Performed preprocessing and data visualization for top fraud accounts. Estimated the amount lost in reversed and multi-swipe transactions.
Achieved an AUC of 0.727 for blind set (XGBoost).
Analysed performance of various classification models-
- XGBoost Classifier
- RandomForest Classifier
- DecisionTree Classifier
- Logistic Regression
- SVC
Here XGBoost has the an relatively high accuracy in predicting fraud transactions for the test_set compared to the previous models. Random forests are bagged decision tree models that split on a subset of features on each split instead of using all the features at once. This helps in determining the best step forward at each iteration
Amongst all the models XGBoost Classifier has the best Area under Curve and therefore is the best model for analysing and predicting the fraud transactions.

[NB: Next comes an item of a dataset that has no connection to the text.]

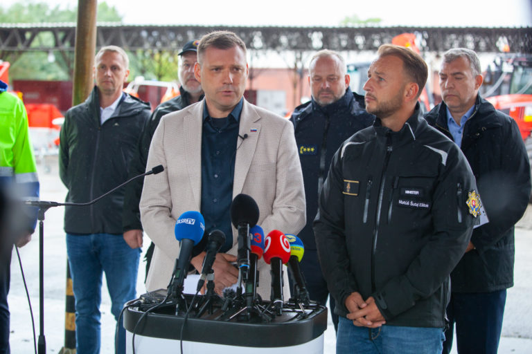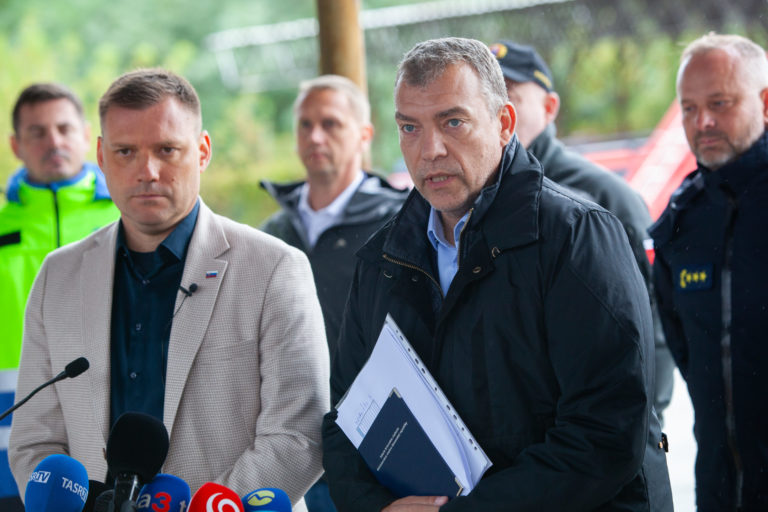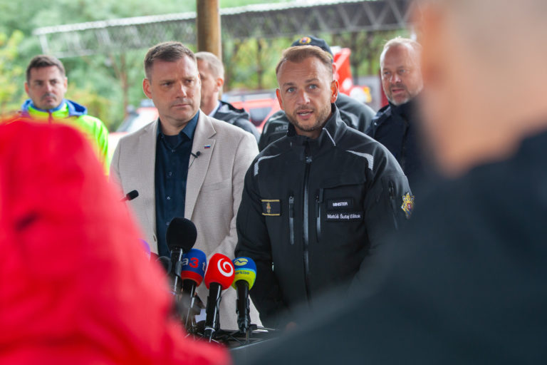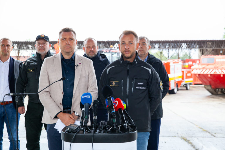 V popredí zľava: Podpredseda vlády SR a minister životného prostredia Tomáš Taraba a minister vnútra SR Matúš Šutaj Eštok počas tlačovej konferencie v priestoroch Záchrannej brigády Hasičského a záchranného zboru v Malackách po zasadnutí krízového štábu v súvislosti s očakávanou zvýšenou zrážkovou činnosťou. Malacky, 12. september 2024. Foto: SITA/Bokor Tomáš

However Random Forest Classifier also has reasonably similar test accuracy and AUC. Hence even Random Forest Classifier can be considered as a good choice for predicting the fraud transactions
Test Data Accuracies:
Model | Accuracy |
---|---|
Support Vector Classifier | 0.5657 |
Decision Tree Classifier | 0.5725 |
Logistic Regression | 0.6434 |
Random Forest | 0.6701 |
XGBoost Classifier | 0.6704 |
Based upon the AUC and above Confusion Matrix the choice of models for the Fraud prediction is as follows:
The model accuracies can be improved with feature engineering and tuning the hyperparameters in future Also we can use F1 score, rms error asa metric to evaluate.